Beware, this change is not completely integrated. For now, I wanted to send out this isolated change to get everyone's thoughts on it and make sure we are all on the same page. Especially John, Patrick and Benjy - since you folks have been heavily involved in the recent refactor.
./build-support/bin/ci.sh
  • 0
  • 0
  • 20
  • 1
  • 21
Description From Last Updated
JS
  1. Just a few main issues fwict:
    
    Tasks - many instances of these issues - I pointed out just a few in the review below:
    1.) for each Task that today calls self.context.products.require* and/or accesses self.context.products in execute to retrieve product mappings, an override of prepare is required to schedule each one of the product types required/used.
    2.) for each product mapping written in execute, and only for those product types and no others, Tasks should report product_types.
    
    RoundEngine:
    3.) The RoundManager should do context.products.require* on the Tasks' behalf so the Tasks can ask for products in 1 place.
    
    Otherwise this lgtm.  Product promises can come later - I'd enjoy sending you that review later after round 2 - subgraphs goes in.
     
    1. Thanks for the thorough feedback. I have addressed most of these and have the final wiring underway.

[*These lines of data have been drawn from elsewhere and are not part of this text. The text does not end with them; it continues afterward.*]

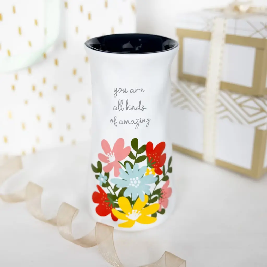 The "Amazing" Vase by Pavilion Gift Company is the perfect blend of inspiration and beauty, designed to add both color and motivation to any home decor. Standing 6.5 inches tall, this ceramic vase is crafted from durable stoneware and features a glossy interior with raised decal artwork.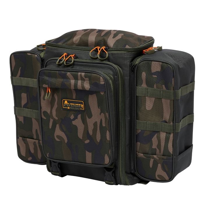 Le sac à dos Avenger comprend une section du milieu principale pour les grands objets tels que l’équipement de pêche, du matériel de sommeil, des vêtements, un compartiment zippé séparé sur le haut de la section du milieu pour les petits objets de matériel, en plus de deux pochettes de rangement détachables de chaque côté, idéales pour les boîtes de pêche et les objets à accès rapide.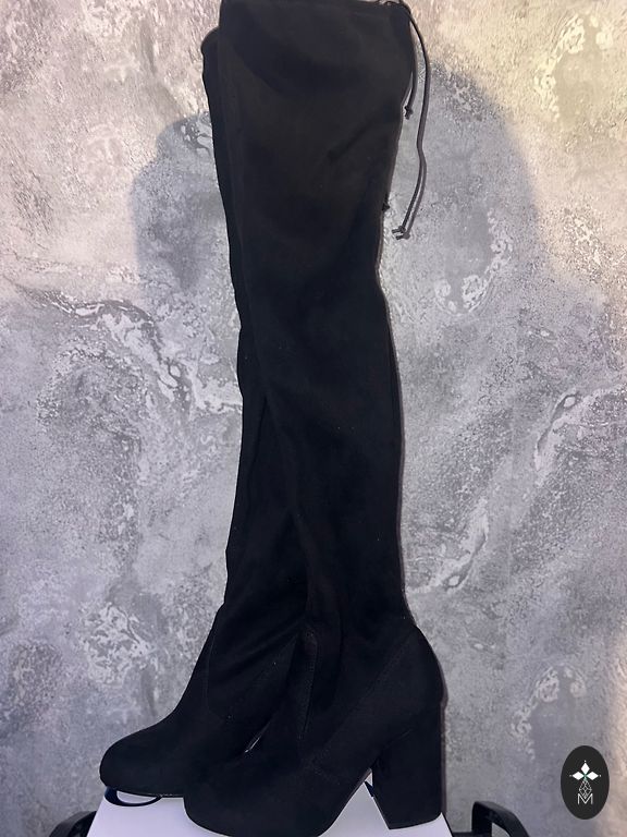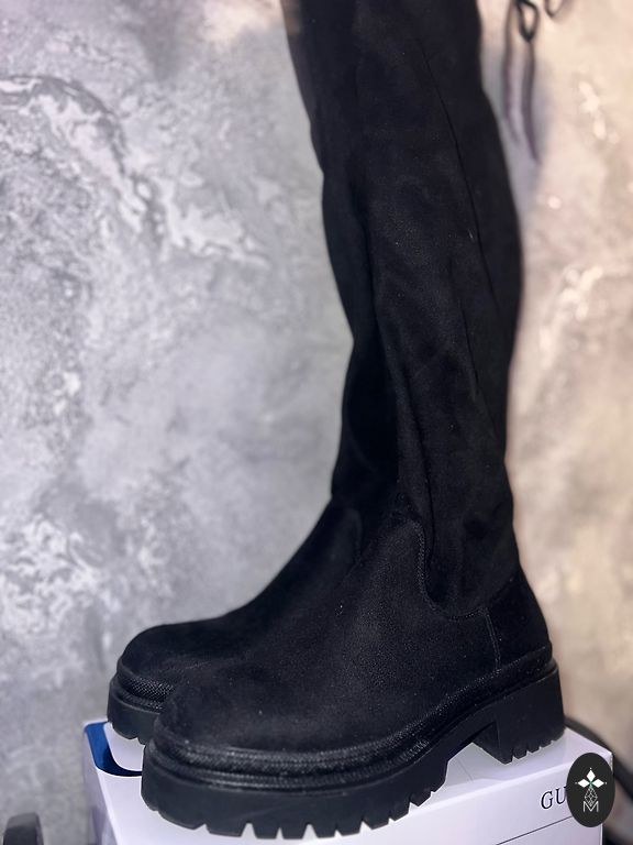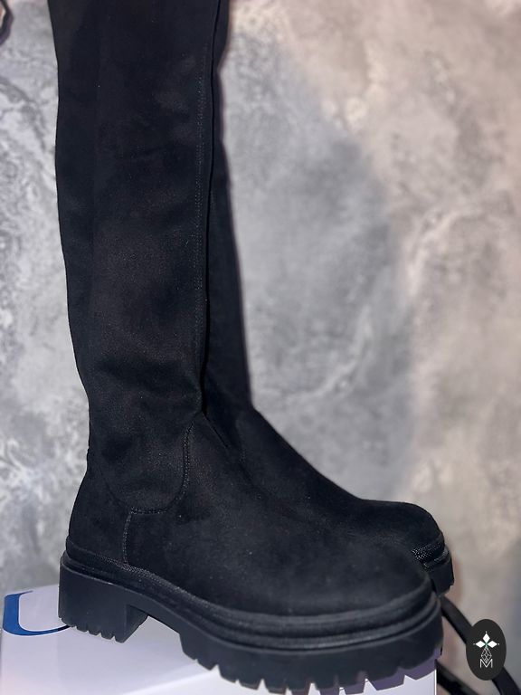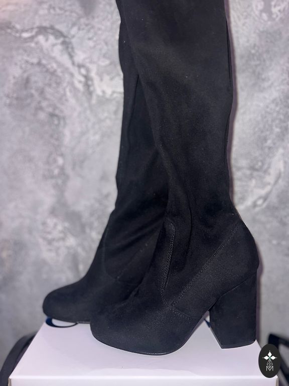 36 dydžio ilgi juodi zomšiniai batai.
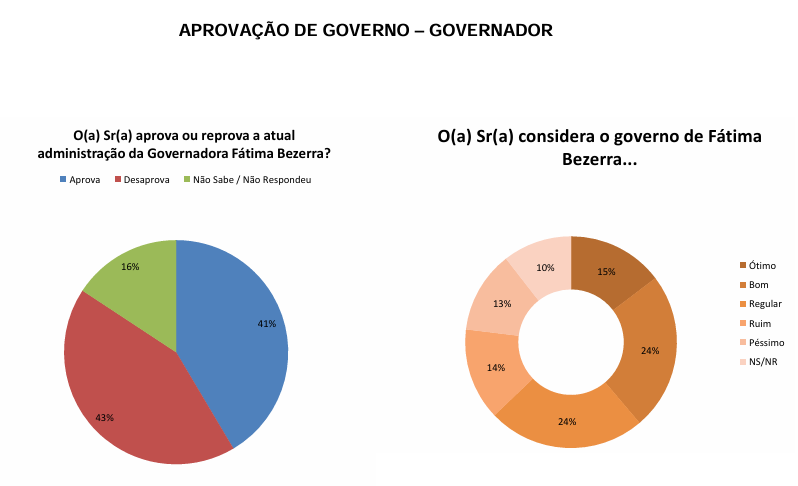 Aprovação de Governo – Governador: Perguntado sobre como considera o governo da governadora Fátima Bezerra: Ótimo (15%), Bom (24%), Regular (24%), Ruim (14%), Péssimo (13%) e Não Sabe / Não Respondeu (10%).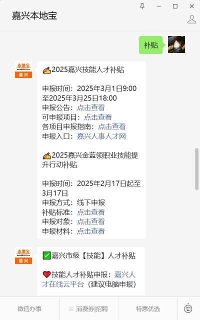 温馨提示:微信搜索公众号【嘉兴本地宝】,关注后在对话框回复【补贴】,即可获取2025嘉兴技能人才补贴申报公告、申报项目、申报入口、申报指南和更多相关信息。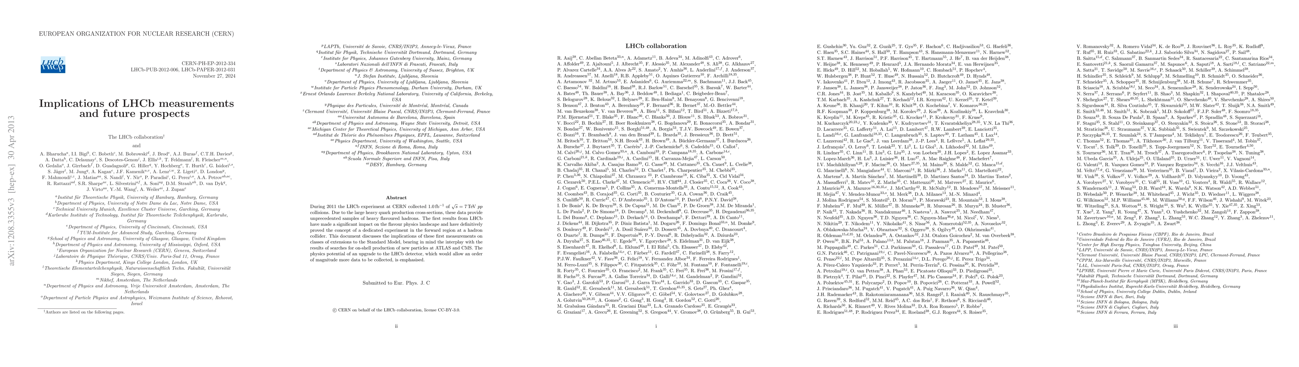 During 2011 the LHCb experiment at CERN collected 1.0 fb-1 of sqrt{s} = 7 TeV pp collisions. Due to the large heavy quark production cross-sections, these data provide unprecedented samples of heavy flavoured hadrons. The first results from LHCb have made a significant impact on the flavour physics landscape and have definitively proved the concept of a dedicated experiment in the forward region at a hadron collider. This document discusses the implications of these first measurements on classes of extensions to the Standard Model, bearing in mind the interplay with the results of searches for on-shell production of new particles at ATLAS and CMS. The physics potential of an upgrade to the LHCb detector, which would allow an order of magnitude more data to be collected, is emphasised.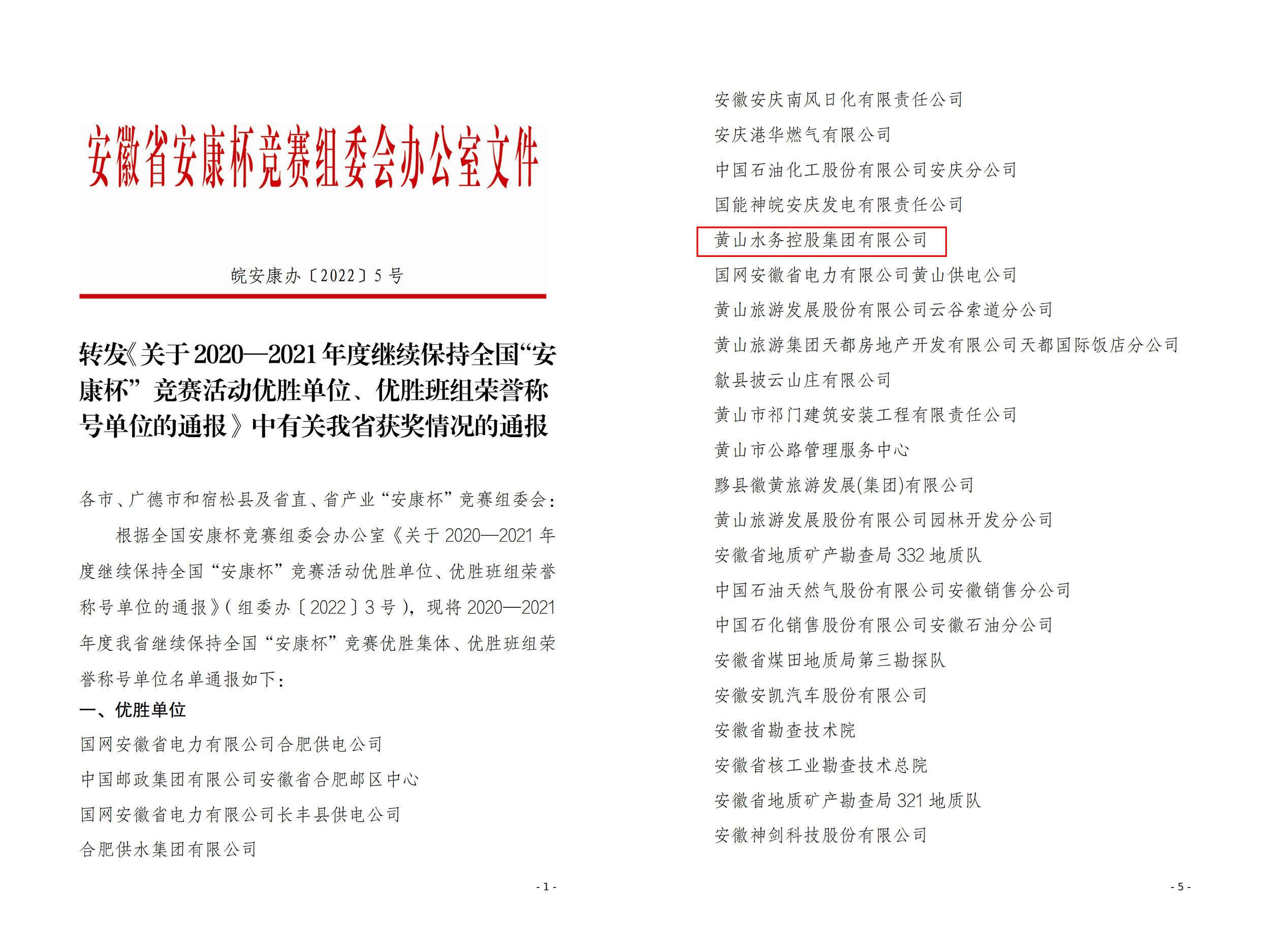 喜讯!黄山水务控股集团继续保持全国“安康杯”竞赛优胜单位荣誉称号

Please have another look when you can.
  2. AntlrGen does grammar -> .java so the product type is more like 'sources'.  That said - sources are special currently as products and we map them by injecting synthetic targets owning them into the build graph instead of using the products registry.  I'd stick to only advertising product_type for Tasks that register items in the context.products in the execute call flow today.  Making this a uniform way to communicate products is for follow up.
  3. This is too much detail - no where else are these product types accessed in this class.  Up above self.register_jvm_tool(compiler, tools) is called and down below self.tool_classpath(compiler) is called indicating the actual interaction with the 'jvm_build_tools*' products happens in a base class.  This prepare should move there.
  4. This task does not access 'classes_by_source' in the context.products - kill.
  5. This call should not be needed.  So this RB adds RoundManager.schedule which stands to the side of context.products; however the idea is they become one - or 1 interface.  It would be good to combine this call and schedule for 1 way to require a product mapping be made available in execute.  It may make sense to change round_manager.schedule to hand a method-per-products.require* for ease of transition.  So here this line would go and in prepare:
      round_manager.require_data('exclusives_groups')
  6. This implies invalidation/caching is per Task and not per Task per product type.  That's how things are done today anyway, but this stands out as arbitrary.  No suggestions, just talking out loud.
  7. Its worth noting the new part of the contract - that this is a well-known name other Tasks can bind to to get product mapping - thus its a public api.  The doc as it stands is only focused on the jvm group case where javac and scalac produce classes both IIUC.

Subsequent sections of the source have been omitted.